#### [TASK]
Reproduce the full listing that appears beneath this instruction exactly.
== PROVIDED MATERIAL
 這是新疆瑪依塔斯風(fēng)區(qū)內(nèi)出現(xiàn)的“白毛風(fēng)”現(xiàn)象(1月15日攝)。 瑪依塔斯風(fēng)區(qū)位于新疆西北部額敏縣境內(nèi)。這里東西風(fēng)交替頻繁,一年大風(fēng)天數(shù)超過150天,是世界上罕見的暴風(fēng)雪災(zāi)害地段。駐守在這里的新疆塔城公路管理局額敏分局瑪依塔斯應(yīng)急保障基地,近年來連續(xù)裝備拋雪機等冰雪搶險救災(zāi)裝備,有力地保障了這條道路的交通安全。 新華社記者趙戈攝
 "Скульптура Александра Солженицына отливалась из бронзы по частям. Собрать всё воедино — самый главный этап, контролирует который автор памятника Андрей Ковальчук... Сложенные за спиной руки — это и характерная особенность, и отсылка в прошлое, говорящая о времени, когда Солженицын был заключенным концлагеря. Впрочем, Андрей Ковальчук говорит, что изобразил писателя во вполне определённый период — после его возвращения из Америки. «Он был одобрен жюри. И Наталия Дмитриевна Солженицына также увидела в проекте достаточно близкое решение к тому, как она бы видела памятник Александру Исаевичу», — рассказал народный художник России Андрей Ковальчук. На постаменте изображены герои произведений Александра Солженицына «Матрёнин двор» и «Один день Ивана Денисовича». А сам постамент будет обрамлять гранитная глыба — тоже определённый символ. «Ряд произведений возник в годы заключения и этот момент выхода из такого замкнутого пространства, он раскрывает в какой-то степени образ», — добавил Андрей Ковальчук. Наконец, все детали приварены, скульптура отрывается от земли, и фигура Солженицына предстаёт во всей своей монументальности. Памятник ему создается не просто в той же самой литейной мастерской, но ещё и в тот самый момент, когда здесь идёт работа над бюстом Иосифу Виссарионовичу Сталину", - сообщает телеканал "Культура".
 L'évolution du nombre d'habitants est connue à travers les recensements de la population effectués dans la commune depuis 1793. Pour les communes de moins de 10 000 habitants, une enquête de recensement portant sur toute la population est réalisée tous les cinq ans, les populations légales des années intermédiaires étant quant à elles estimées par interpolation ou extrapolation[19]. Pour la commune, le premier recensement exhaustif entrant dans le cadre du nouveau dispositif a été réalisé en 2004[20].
====
#### [ANSWER TO THE PROBLEM]
 這是新疆瑪依塔斯風(fēng)區(qū)內(nèi)出現(xiàn)的“白毛風(fēng)”現(xiàn)象(1月15日攝)。 瑪依塔斯風(fēng)區(qū)位于新疆西北部額敏縣境內(nèi)。這里東西風(fēng)交替頻繁,一年大風(fēng)天數(shù)超過150天,是世界上罕見的暴風(fēng)雪災(zāi)害地段。駐守在這里的新疆塔城公路管理局額敏分局瑪依塔斯應(yīng)急保障基地,近年來連續(xù)裝備拋雪機等冰雪搶險救災(zāi)裝備,有力地保障了這條道路的交通安全。 新華社記者趙戈攝
 "Скульптура Александра Солженицына отливалась из бронзы по частям. Собрать всё воедино — самый главный этап, контролирует который автор памятника Андрей Ковальчук... Сложенные за спиной руки — это и характерная особенность, и отсылка в прошлое, говорящая о времени, когда Солженицын был заключенным концлагеря. Впрочем, Андрей Ковальчук говорит, что изобразил писателя во вполне определённый период — после его возвращения из Америки. «Он был одобрен жюри. И Наталия Дмитриевна Солженицына также увидела в проекте достаточно близкое решение к тому, как она бы видела памятник Александру Исаевичу», — рассказал народный художник России Андрей Ковальчук. На постаменте изображены герои произведений Александра Солженицына «Матрёнин двор» и «Один день Ивана Денисовича». А сам постамент будет обрамлять гранитная глыба — тоже определённый символ. «Ряд произведений возник в годы заключения и этот момент выхода из такого замкнутого пространства, он раскрывает в какой-то степени образ», — добавил Андрей Ковальчук. Наконец, все детали приварены, скульптура отрывается от земли, и фигура Солженицына предстаёт во всей своей монументальности. Памятник ему создается не просто в той же самой литейной мастерской, но ещё и в тот самый момент, когда здесь идёт работа над бюстом Иосифу Виссарионовичу Сталину", - сообщает телеканал "Культура".
 L'évolution du nombre d'habitants est connue à travers les recensements de la population effectués dans la commune depuis 1793. Pour les communes de moins de 10 000 habitants, une enquête de recensement portant sur toute la population est réalisée tous les cinq ans, les populations légales des années intermédiaires étant quant à elles estimées par interpolation ou extrapolation[19]. Pour la commune, le premier recensement exhaustif entrant dans le cadre du nouveau dispositif a été réalisé en 2004[20].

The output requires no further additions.